For two days I tried to give Hershey his medication but it seemed to cause him so much stress.  I couldn’t see the point so I stopped.  I had been brought up in Christian Science and had always solved problems quickly through prayer.  Prayer for me was not a passive asking God for help but an active change of base in my thinking and spiritual reasoning.

There had been a lot of news coverage at this time around the issue of AIDS and I had been praying about this.  In my reasoning I went back to my basic beliefs:  I believed that there was a controlling order or principle to the universe and that principle was Love – another name for God.  A God of love I reasoned could not make a dangerous universe; that a God of Love protected creation, it didn’t expose it to harm.  I had proved many times that holding to spiritual truths, even in the face of evidence to the contrary, resolved inharmonious situations.

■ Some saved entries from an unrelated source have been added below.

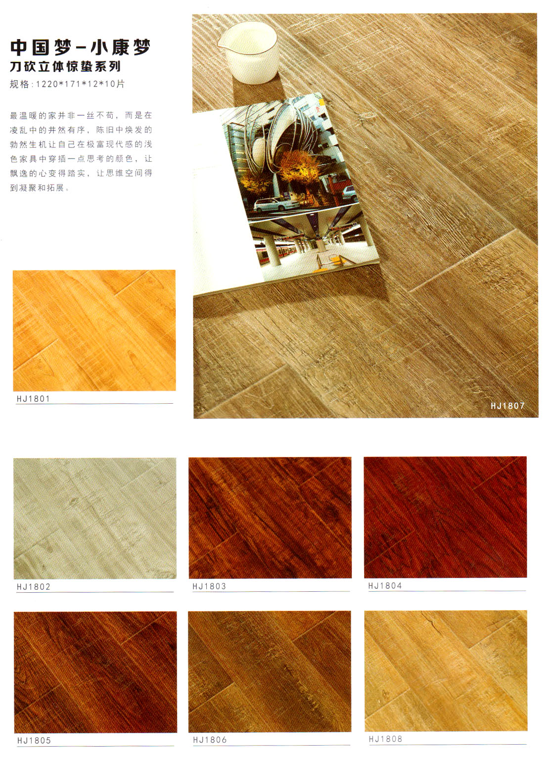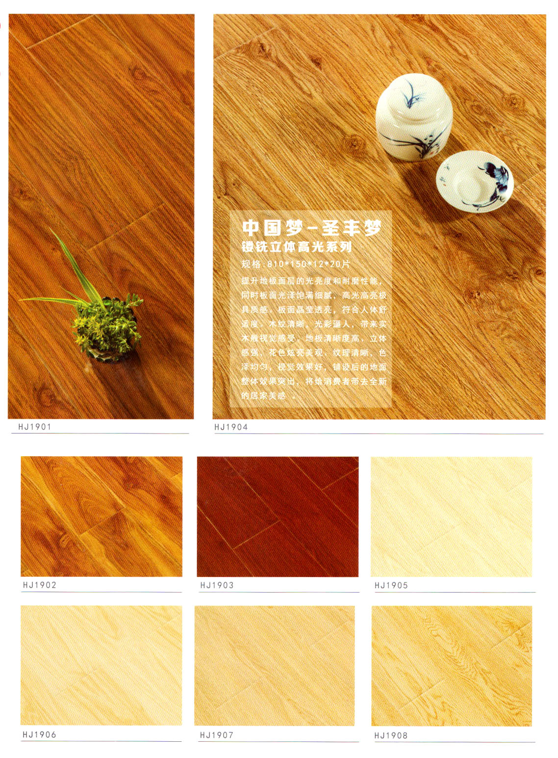 目前我們主要經(jīng)營“惠居”、  “靈盛”牌木質(zhì)強化地板,現(xiàn)在已經(jīng)開發(fā)出水晶面、羽絲面、浮雕面、立體刀砍紋、手抓紋、4v仿實木、金剛淋漆面、模壓面、橡木真木紋、防水系列等多個系列產(chǎn)品,涵蓋了市場上所出現(xiàn)的所有產(chǎn)品系列!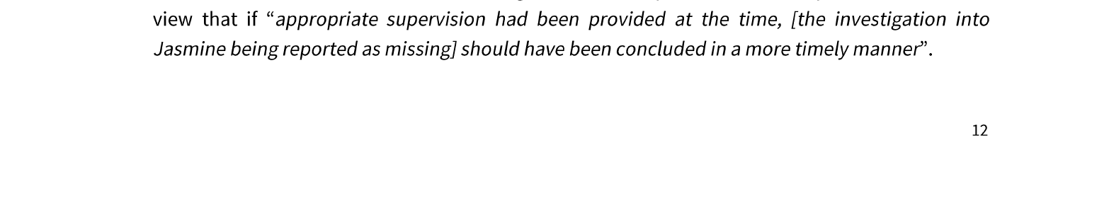 "There doesn't appear to have been anything happening in Jasmine's life at this time that would cause her to disappear."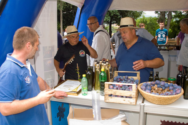 putu zastajemo uza štand naših Modro-zelenih koji nas nude rakijom od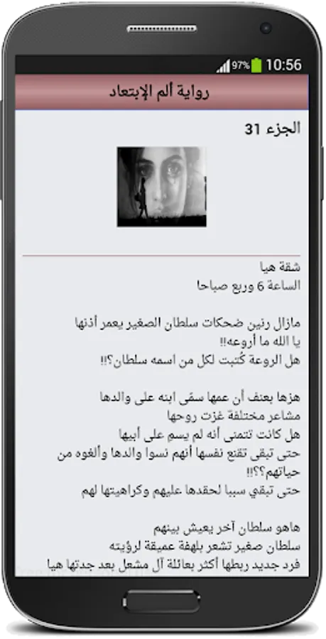 The novel of the pain of getting away is one of the most beautiful and sweet romantic novels, distinctive and interesting. The events of the story are wonderful that make you move to its world and live in its events with its heroes.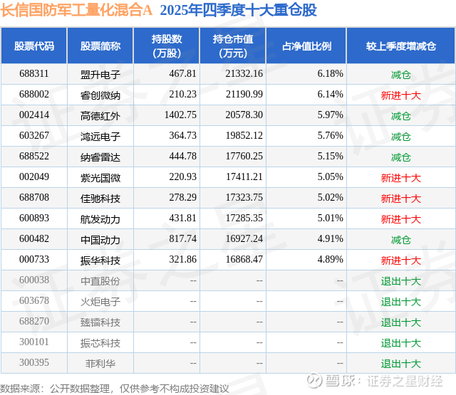 根据2025基金年报公募基金重仓股数据,重仓该股的公募基金共10家,其中持有数量最多的公募基金为长信基金的长信国防军工量化混合A。长信国防军工量化混合A目前规模为9.55亿元,最新净值1.7308(3月20日),较上一交易日下跌2.75%,近一年上涨35.25%。该公募基金现任基金经理为宋海岸。宋海岸在任的基金产品包括:长信中证500指数增强A,管理时间为2018年2月12日至今,期间收益率为129.48%;长信沪深300指数增强A,管理时间为2019年5月16日至今,期间收益率为79.41%;长信先进装备三个月持有混合A,管理时间为2021年11月29日至今,期间收益率为-3.78%。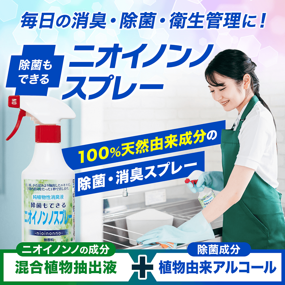 除菌もできるニオイノンノスプレーは植物由来のアルコール成分を配合しているため、使用後はサッと乾いてべたつきが残りません。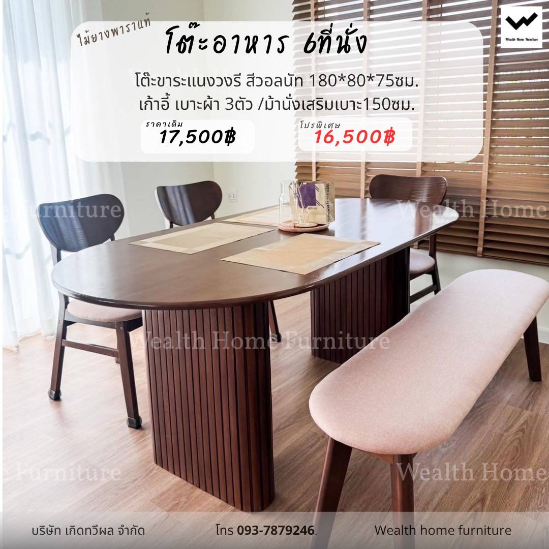 โต๊ะอาหาร 6 ที่นั่ง สีวอลนัท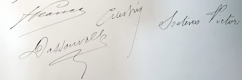 Ces constatations terminées, nous rentrons au Palais après avoir fait réintégrer l’inculpé à la maison d’arrêt et prescrit à la police des recherches chez tous les fripiers de la ville, pour retrouver les vêtements de l’enfant. Nous dressons le présent procès-verbal dans notre cabinet et nous le signons avec notre substitut et note greffier.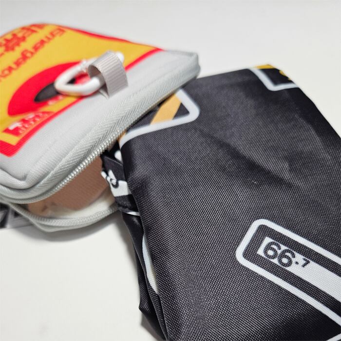 カラビナ付きポーチにエコバッグが入り持ち運び便利!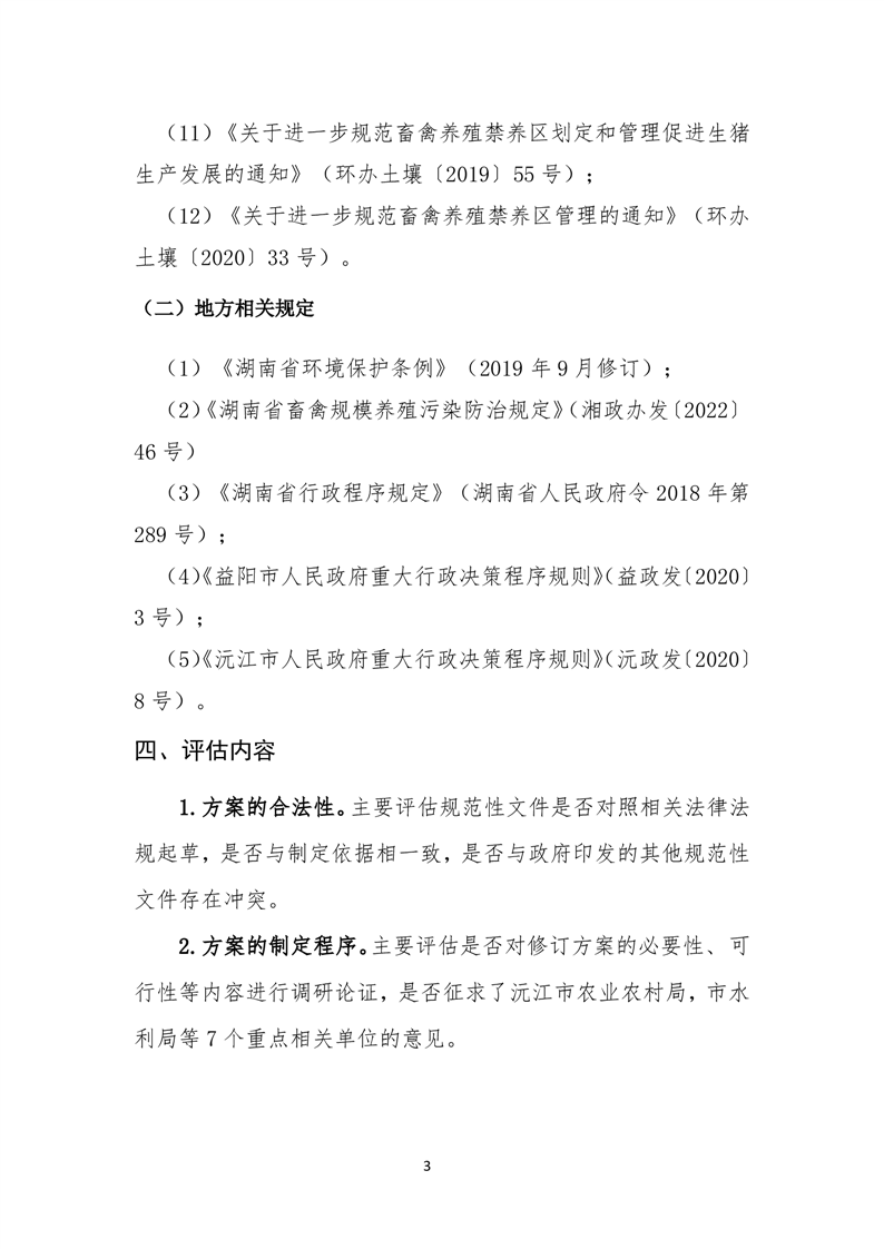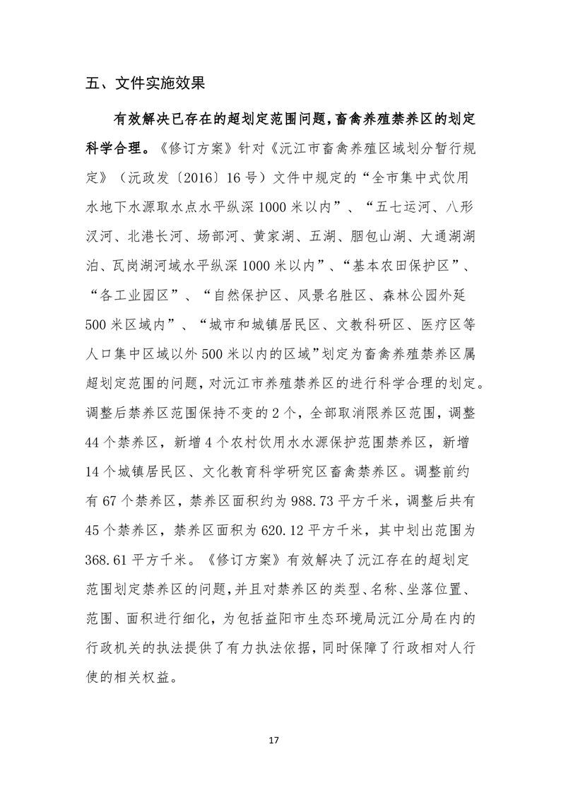 《關于修訂〈沅江市畜禽養殖禁養區 劃定方案〉的通知》后評估報告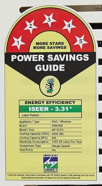 - Energy Rating: 5 Star. Best in class efficiency. Annual Energy Consumption: 1157.29 units. ISEER Value: 3.31 (Please refer energy label on product page or contact brand for more details)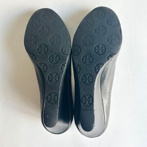 Tory Burch Black Pebble Genuine Leather Heel Wedges size 7.5. Heel 2.5”, silver metal logo, open toe. In great condition, gently worn a few times, a few small scuffing on the leather and metal (see pictures).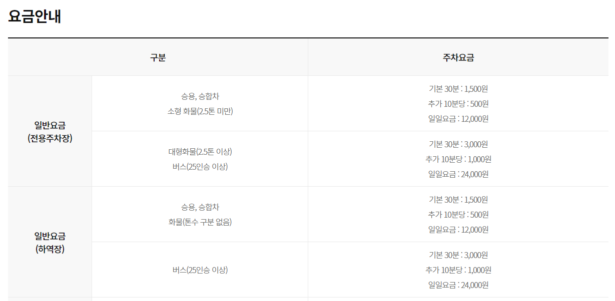 ⊙ 일반요금(전용주차장)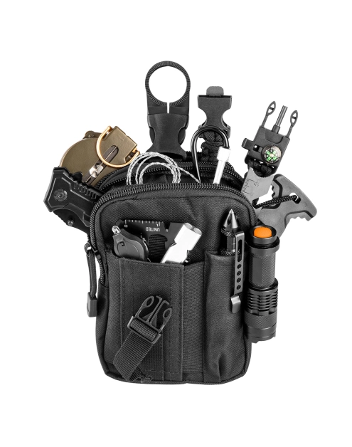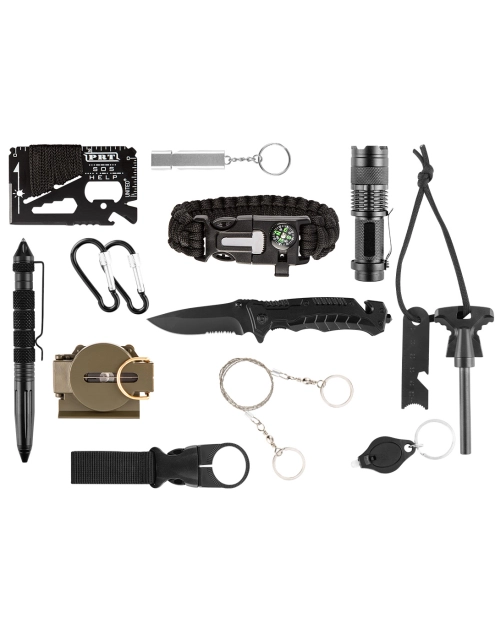Zestaw survivalowy 14 w 1 w pouchu zestaw zawiera krzesiwo z otwieraczem do butelek, nóż z ostrzem składanym, latarka, bransoletka przetrwania (lina paracord, krzesiwo, kompas), gwizdek, karta wielofunkcyjna (wykonana ze stali nierdzewnej, zawiera otwieracz do butelek, otwieracz do puszek, piłę, klucz oczkowy w rozmiarach 4, 5, 6, 7 mm, miarka, wkrętak płaski, nóż, line paracord), piła drutowa, długopis taktyczny, klips do zawieszenia butelki, kompas rozkładany, karabińczyka 2 sztuki, mini latarka z breloczkiem, torba z klamrami do paska.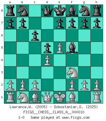 Last move : 1-0 2007 January 20 6:47:37 [Event "FICGS__CHESS__CLASS_A__000010"] [Site "FICGS"] [Date "2006.12.06"] [Round "1"] [White "Lowrance,Wayne"] [Black "Ozbostanlar,Ozgur"] [Result "1-0"] [WhiteElo "2005"] [BlackElo "2025"] 1.e4 c6 2.d4 d5 3.e5 Bf5 4.Nf3 1-0 This chess game has been lost on time (started : 2006.12.06 23:1:9) Caro-Kann : Advance variation Player White won this chess game. Follow this game move after move (download)An attack on the wing should be met by play in the center. (Nimzovitch) Garry Kasparov war erst in der Großmeister-Organisation GMA, dann in der Profischach-Vereinigung PCA, zum Schluss kehrte er wieder in den Schoß der FIDE zurück. Aber gut, manche Leute sind flexibel (Viswanathan Anand) Por esta medida (el intervalo entre Fischer y sus contemporaneos), yo le considero el mas grande campeón mundial. (Garry Kasparov) Les ravages du H expliquent la différence de niveau entre Tal et Thal [Abergel]. I take risks, sometimes patients die, but not taking risks causes more patients to die. So I guess my biggest problem is I've been cursed with the ability to do the math. (Gregory House, House M.D.)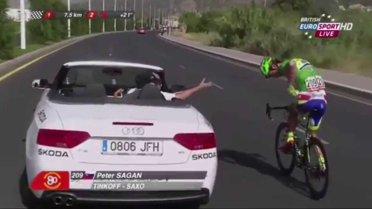 El monumental enfado de Peter Sagan tras ser arrollado por una moto de la organización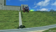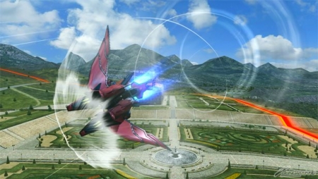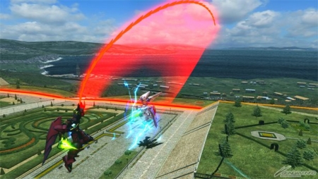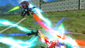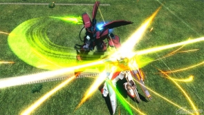 ▲特殊格鬥武裝「特殊移動」是迴旋移動。根據搖桿輸入方向不同,會改變移動方向,搖桿往右就往右・往左就往左,不操作搖桿則是往上,搖感向前則是往前方移動。在移動中按下格鬥劍會發動橫向的斬擊。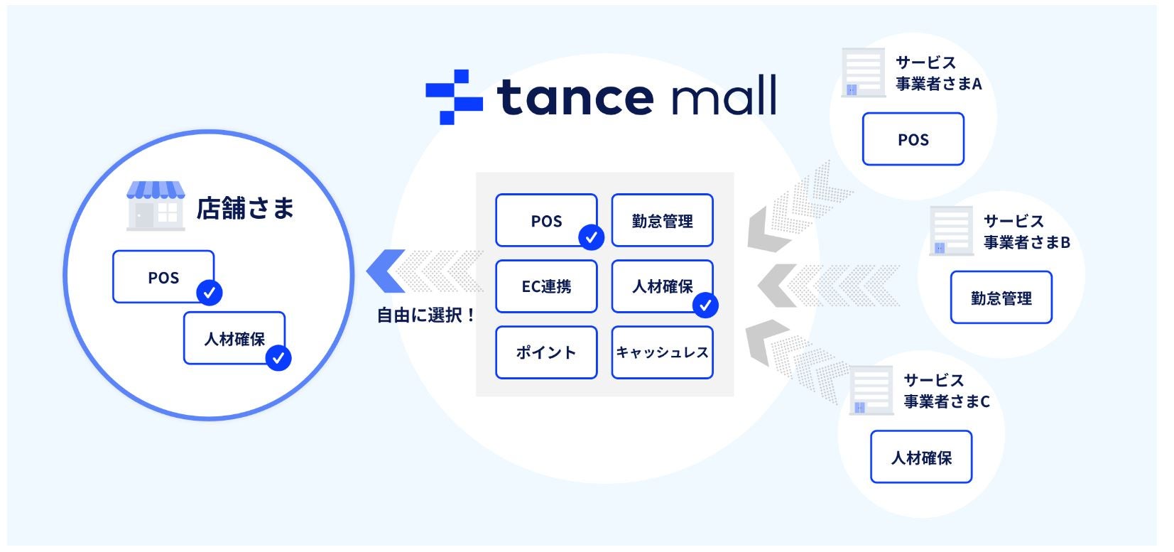 店舗運営に役立つサービスを、決済端末から汎用タブレットにいたるまで利用シーンに応じたデバイスで使えるサービスプラットフォームです。店舗事業者は「tance mall」上にあるサービスの中から必要なサービスを選択・申し込み、使いたい端末で利用できる仕組みで、集客力向上や業務効率化、DXの推進など、店舗の抱える様々な課題を解決します。
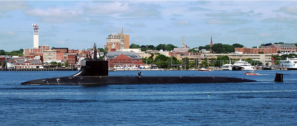 GROTON, Conn. (June 15, 2007) - Fast-attack submarine USS Seawolf (SSN 21) sails past downtown New London as she makes her way out of the Thames River and into the Long Island Sound. The submarine departed Naval Submarine Base New London for the last time on her way to a new homeport at Naval Base Kitsap, Bangor, Wash. Seawolf, commissioned in 1997, is relocating after 10 years of service as part of the submarine force realignment process. U.S. Navy photo by Mass Communication Specialist 1st Class Ira J. Elinson

Now I applied this reasoning to Hershey. He was part of Love’s creation and I knew this Love was a powerful force for good.   In the textbook of Christian Science, Science and Health with Key to the Scriptures, Mary Baker Eddy writes:  You embrace your body in your thought, and you should delineate upon it thoughts of health, not of sickness (p208) so I embraced Hershey in my thought in this way.  I didn’t dwell on him, but I held to this idea every time I did think of him.  I felt safe that he was safe.

Very quickly he began to respond.  In a day or so he was up and walking about his room; another day or two he was out and exploring the house.

At the end of two weeks my friend returned and phoned to see how things had gone with Hershey.  She was very surprised to hear that he was ready to be picked up.  When she arrived to collect him he was sitting on the back of the lounge in the sun looking out the window.  He was plump and healthy, his fur was flawless and sleek and shiny, and he had a playful sparkle in his eyes.  He was very glad to be going home.

Sometimes when I pray for the world I am tempted to wonder:  Are my prayers doing any good?  This experience with Hershey gave me further proof that spiritual truths are powerful, more powerful than material evidence, and that prayers are effective in bringing about harmony in any situation – even those given up as hopeless.  I continue to be grateful for all that I am learning in my on-going study of Christian Science.